Directions for this task: In the entries below, find the line with "- As a member" and the line with "خریدار بدون نام"; reproduce those two lines and all lines between them exactly, without pictures.

Provided information:
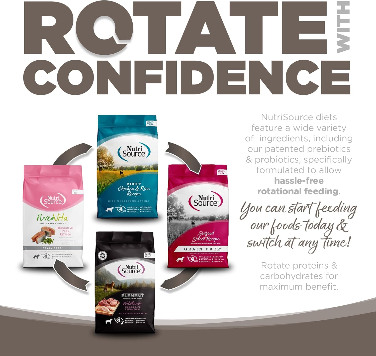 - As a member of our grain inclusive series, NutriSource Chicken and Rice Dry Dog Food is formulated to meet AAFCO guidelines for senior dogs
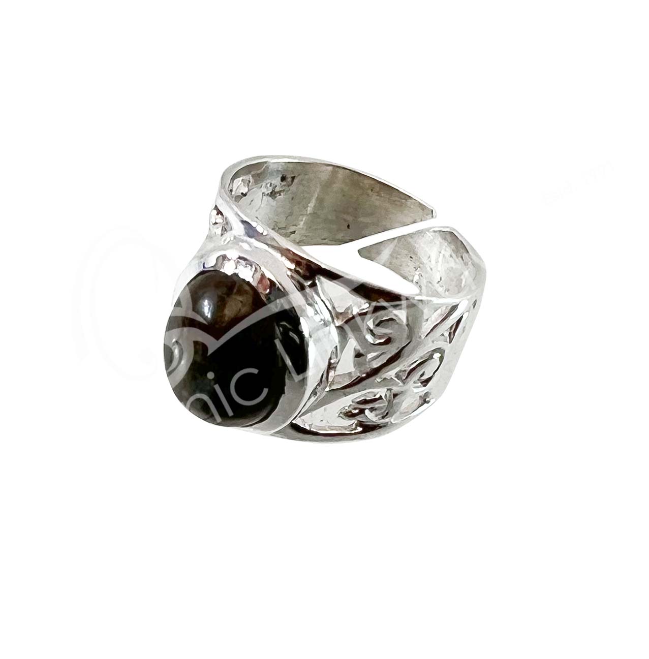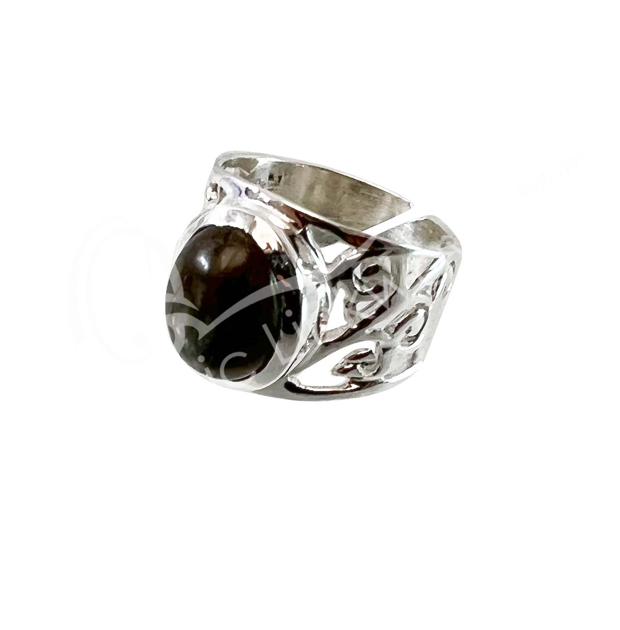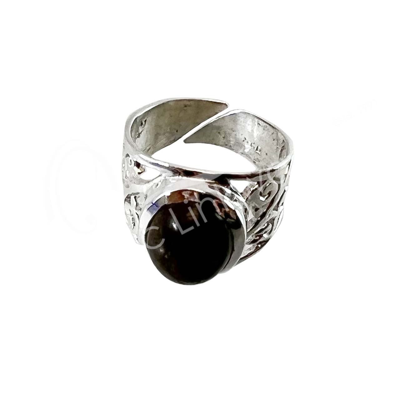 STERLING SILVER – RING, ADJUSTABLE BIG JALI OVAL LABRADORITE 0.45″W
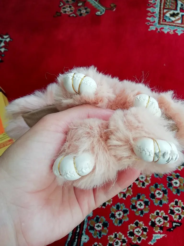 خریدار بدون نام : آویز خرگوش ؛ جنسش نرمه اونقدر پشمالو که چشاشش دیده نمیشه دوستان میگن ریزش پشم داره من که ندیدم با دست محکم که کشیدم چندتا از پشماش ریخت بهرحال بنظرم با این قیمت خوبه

* * *

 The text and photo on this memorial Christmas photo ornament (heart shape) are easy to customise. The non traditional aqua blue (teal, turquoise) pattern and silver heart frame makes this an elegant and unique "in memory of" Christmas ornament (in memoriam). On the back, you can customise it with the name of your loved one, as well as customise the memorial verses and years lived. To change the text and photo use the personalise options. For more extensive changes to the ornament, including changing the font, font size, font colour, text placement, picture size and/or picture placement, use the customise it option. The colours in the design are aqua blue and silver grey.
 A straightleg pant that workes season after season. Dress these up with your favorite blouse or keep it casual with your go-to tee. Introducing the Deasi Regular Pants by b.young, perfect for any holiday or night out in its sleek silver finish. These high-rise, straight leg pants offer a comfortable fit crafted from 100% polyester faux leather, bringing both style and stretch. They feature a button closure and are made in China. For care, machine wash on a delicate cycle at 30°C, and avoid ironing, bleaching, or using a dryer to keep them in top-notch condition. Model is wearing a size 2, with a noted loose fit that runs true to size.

Reply:
 - As a member of our grain inclusive series, NutriSource Chicken and Rice Dry Dog Food is formulated to meet AAFCO guidelines for senior dogs
 STERLING SILVER – RING, ADJUSTABLE BIG JALI OVAL LABRADORITE 0.45″W
 خریدار بدون نام : آویز خرگوش ؛ جنسش نرمه اونقدر پشمالو که چشاشش دیده نمیشه دوستان میگن ریزش پشم داره من که ندیدم با دست محکم که کشیدم چندتا از پشماش ریخت بهرحال بنظرم با این قیمت خوبه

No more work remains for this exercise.